Various pipeline testing jobs are timing out
Problem
Over the last week, a number of pipelines have had a single job or multiple jobs fail. This seems to be increasing in higher frequency but I'm not aware of a way to capture these errors in Sentry or Kibana. In an effort to try to quantify this, I identified the last 100 failing pipelines against master
and sifted through the failing job traces to see where they contained "Job failed: execution took longer than"
Results of last 100 failed master pipelines as of 2019-12-07 02:06 UTC
21 out of the last 100 failed master pipelines had a job fail due to timeout. Removing the schedule:package-and-qa
failures leaves 6 pipelines - This does not include pipelines which had jobs that fail due to getting stuck without a job trace like: https://gitlab.com/gitlab-org/gitlab/-/jobs/369736296.
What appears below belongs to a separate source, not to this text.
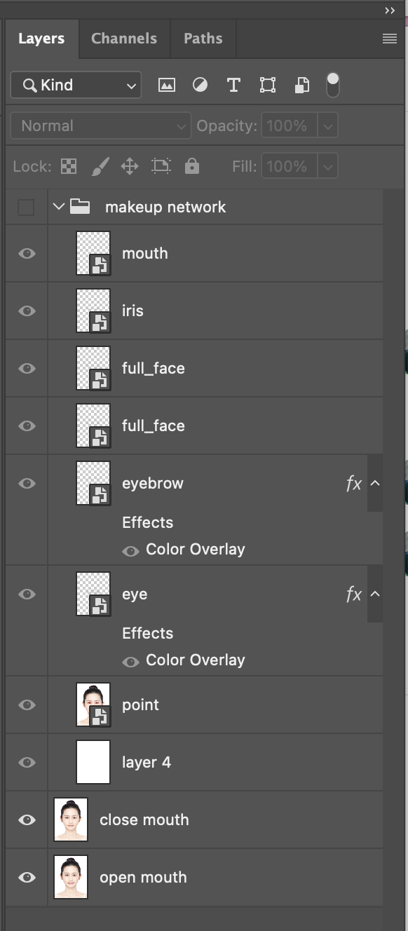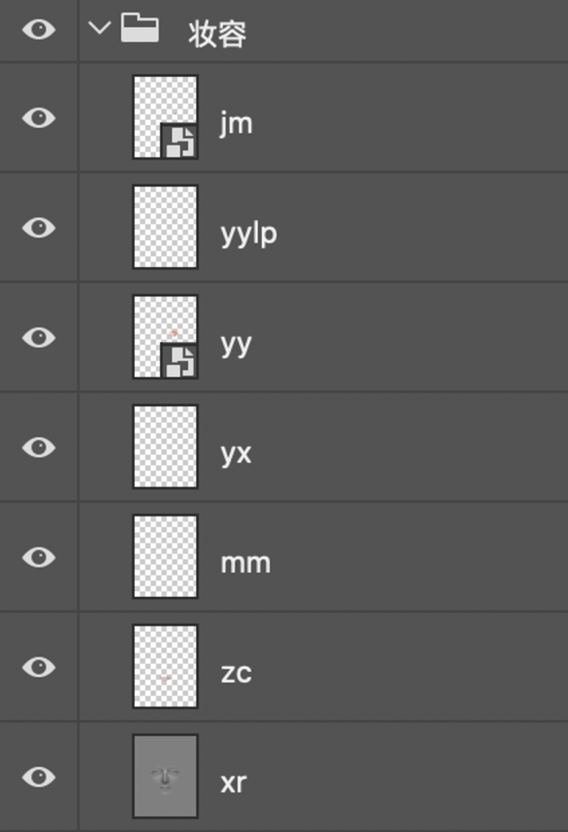 导出后妆容包内文件构成可参考示例结构图。导出妆容图层(如眼、眉、唇、全脸妆容)的图片尺寸为 768 × 1024。美瞳素材请遵循“美瞳素材制作”章节的要求,单独导出为 125 × 125 尺寸。 4. 图层混合模式建议
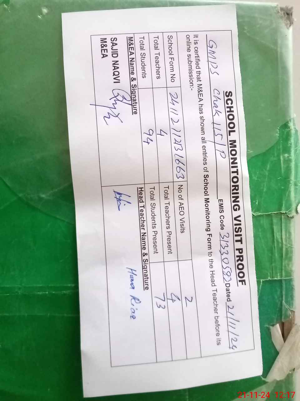 | EMIS Code: 31330583 | Name of School: GMPS CHAK NO.115/P | |||

- Pipeline 101298263 at 2019-12-06T20:14:57.325Z
- Pipeline 101199368 at 2019-12-06T13:34:12.424Z
- Pipeline 101110839 at 2019-12-06T07:45:37.042Z
- Pipeline 100806780 at 2019-12-05T06:32:32.808Z
- Pipeline 100687068 at 2019-12-04T17:42:58.732Z
- Pipeline 100541391 at 2019-12-04T09:50:35.693Z
I've seen this in higher frequency and not sure what's going on here. It does not seem correlated to a system outage that I can find.